(Beginning of DATA SHOWN)

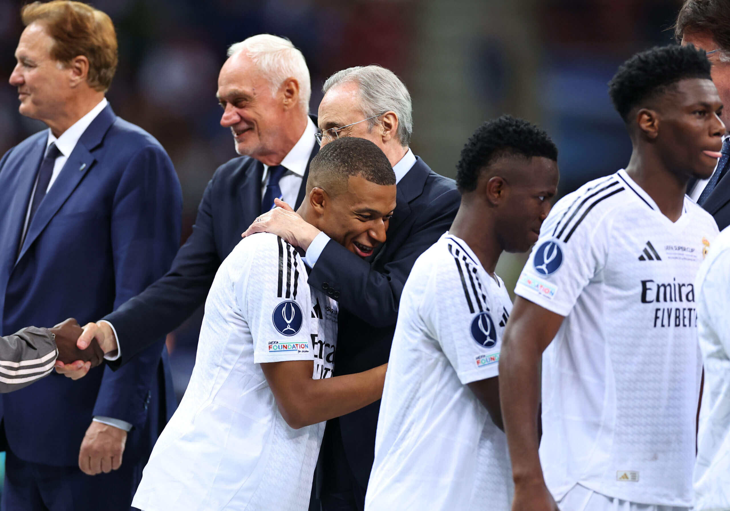 بيريز ومبابي يحتضنان بعضهما بعد المباراة (روبي جاي بارات – AMA/Getty Images)
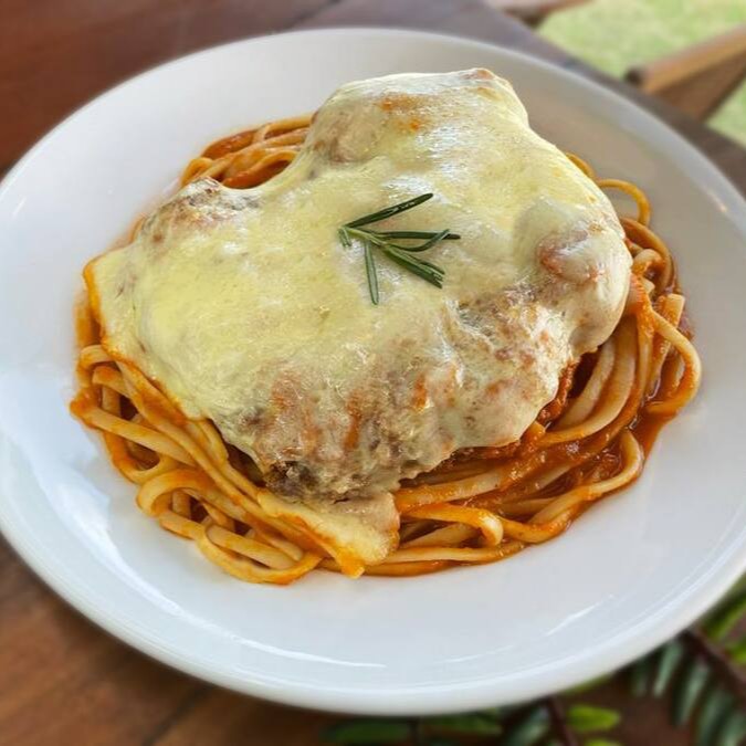 Filé mignon empanado em farinha panko, com molho de tomate. Acompanhado de um fettuccine al dente com molho de tomate e queijo parmesão ralado.
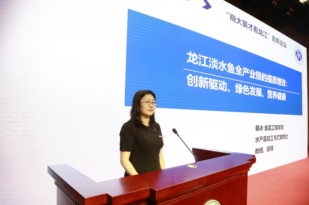 我校食品工程学院食品工程教研室教师韩冰教授以《龙江淡水鱼全产业链的提质增效:创新驱动、绿色发展、营养健康》为题作报告。
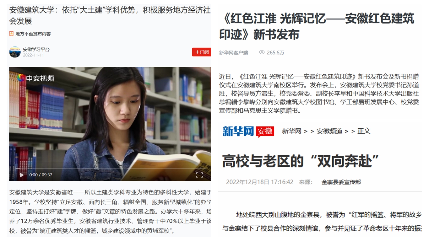 守正创新,持续推进校园文化建设。完成第十三届安徽省文明单位申报工作,根据学校“十四五”教育事业发展规划要求,制定文化培根铸魂工程年度工作计划。按照《全国高校文明校园测评细则》,制定学校文明学院、文明处室测评细则,协调开展文明宿舍、文明班级、文明社团、文明教研室、文明食堂、最美家庭等文明集体创建工作,推进省级文明校园创建工作。开展学校部分楼宇及吉祥物的征集评选工作,将建大精神、建大文化融入到道路、建筑和景观命名中,充分展示学校独特、鲜明的文化积淀与文化追求。发挥校史馆育人功能,加大校史馆讲解员培训,更新讲解设备,美化场馆环境,全年接待参观人数3000余人次;完成省委主要领导到校调研校史馆展陈调整工作,组织开展校史馆史料文物和藏品征集工作,稳步推进校史馆改造;发挥优秀校友引领作用,联合校友工作处组织校友采访活动,编写《从建大启航:校友访谈录(第三辑)》。弘扬优秀传统文化,官网增设“二十四节气”轮播图,看“建”栏目推送6期,举办“易海大讲堂”5期。

(End of DATA SHOWN)

PROBLEM DETAILS
Print the listing exactly, minus any pictures.

OUTPUT FOR THIS TASK
 بيريز ومبابي يحتضنان بعضهما بعد المباراة (روبي جاي بارات – AMA/Getty Images)
 Filé mignon empanado em farinha panko, com molho de tomate. Acompanhado de um fettuccine al dente com molho de tomate e queijo parmesão ralado.
 我校食品工程学院食品工程教研室教师韩冰教授以《龙江淡水鱼全产业链的提质增效:创新驱动、绿色发展、营养健康》为题作报告。
 守正创新,持续推进校园文化建设。完成第十三届安徽省文明单位申报工作,根据学校“十四五”教育事业发展规划要求,制定文化培根铸魂工程年度工作计划。按照《全国高校文明校园测评细则》,制定学校文明学院、文明处室测评细则,协调开展文明宿舍、文明班级、文明社团、文明教研室、文明食堂、最美家庭等文明集体创建工作,推进省级文明校园创建工作。开展学校部分楼宇及吉祥物的征集评选工作,将建大精神、建大文化融入到道路、建筑和景观命名中,充分展示学校独特、鲜明的文化积淀与文化追求。发挥校史馆育人功能,加大校史馆讲解员培训,更新讲解设备,美化场馆环境,全年接待参观人数3000余人次;完成省委主要领导到校调研校史馆展陈调整工作,组织开展校史馆史料文物和藏品征集工作,稳步推进校史馆改造;发挥优秀校友引领作用,联合校友工作处组织校友采访活动,编写《从建大启航:校友访谈录(第三辑)》。弘扬优秀传统文化,官网增设“二十四节气”轮播图,看“建”栏目推送6期,举办“易海大讲堂”5期。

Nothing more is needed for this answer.